*TASK DETAILS:* Please print only the top portion of the entries below, ending with the line that contains "Harburger Hafen mit viel", exactly as written.

*INPUT MATERIAL:*
============

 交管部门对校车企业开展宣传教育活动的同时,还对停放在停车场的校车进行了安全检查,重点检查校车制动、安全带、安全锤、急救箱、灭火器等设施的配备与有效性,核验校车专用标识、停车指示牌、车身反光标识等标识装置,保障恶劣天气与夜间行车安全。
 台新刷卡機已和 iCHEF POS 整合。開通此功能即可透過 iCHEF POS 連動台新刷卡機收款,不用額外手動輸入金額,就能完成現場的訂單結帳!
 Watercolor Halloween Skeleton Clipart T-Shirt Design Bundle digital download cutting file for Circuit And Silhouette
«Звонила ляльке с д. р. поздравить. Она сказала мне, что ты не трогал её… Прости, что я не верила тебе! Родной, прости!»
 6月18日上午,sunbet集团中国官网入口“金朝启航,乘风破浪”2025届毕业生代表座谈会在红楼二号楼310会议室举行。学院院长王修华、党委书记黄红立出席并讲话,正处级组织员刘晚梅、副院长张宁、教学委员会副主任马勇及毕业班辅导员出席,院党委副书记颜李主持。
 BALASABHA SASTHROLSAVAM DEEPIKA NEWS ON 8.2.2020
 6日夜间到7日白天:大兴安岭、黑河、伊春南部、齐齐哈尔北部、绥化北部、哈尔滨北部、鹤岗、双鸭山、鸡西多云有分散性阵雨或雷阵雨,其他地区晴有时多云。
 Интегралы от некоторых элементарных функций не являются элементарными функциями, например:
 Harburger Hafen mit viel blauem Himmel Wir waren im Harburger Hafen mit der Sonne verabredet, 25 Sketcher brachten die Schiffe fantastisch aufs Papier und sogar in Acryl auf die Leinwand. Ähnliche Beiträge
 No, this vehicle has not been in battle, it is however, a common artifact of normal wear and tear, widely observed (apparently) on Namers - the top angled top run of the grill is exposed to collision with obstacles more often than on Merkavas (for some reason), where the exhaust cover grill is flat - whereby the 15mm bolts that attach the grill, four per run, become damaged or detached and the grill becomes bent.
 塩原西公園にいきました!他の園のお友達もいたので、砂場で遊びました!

============

*OUTPUT OF THE TASK:*
 交管部门对校车企业开展宣传教育活动的同时,还对停放在停车场的校车进行了安全检查,重点检查校车制动、安全带、安全锤、急救箱、灭火器等设施的配备与有效性,核验校车专用标识、停车指示牌、车身反光标识等标识装置,保障恶劣天气与夜间行车安全。
 台新刷卡機已和 iCHEF POS 整合。開通此功能即可透過 iCHEF POS 連動台新刷卡機收款,不用額外手動輸入金額,就能完成現場的訂單結帳!
 Watercolor Halloween Skeleton Clipart T-Shirt Design Bundle digital download cutting file for Circuit And Silhouette
«Звонила ляльке с д. р. поздравить. Она сказала мне, что ты не трогал её… Прости, что я не верила тебе! Родной, прости!»
 6月18日上午,sunbet集团中国官网入口“金朝启航,乘风破浪”2025届毕业生代表座谈会在红楼二号楼310会议室举行。学院院长王修华、党委书记黄红立出席并讲话,正处级组织员刘晚梅、副院长张宁、教学委员会副主任马勇及毕业班辅导员出席,院党委副书记颜李主持。
 BALASABHA SASTHROLSAVAM DEEPIKA NEWS ON 8.2.2020
 6日夜间到7日白天:大兴安岭、黑河、伊春南部、齐齐哈尔北部、绥化北部、哈尔滨北部、鹤岗、双鸭山、鸡西多云有分散性阵雨或雷阵雨,其他地区晴有时多云。
 Интегралы от некоторых элементарных функций не являются элементарными функциями, например:
 Harburger Hafen mit viel blauem Himmel Wir waren im Harburger Hafen mit der Sonne verabredet, 25 Sketcher brachten die Schiffe fantastisch aufs Papier und sogar in Acryl auf die Leinwand. Ähnliche Beiträge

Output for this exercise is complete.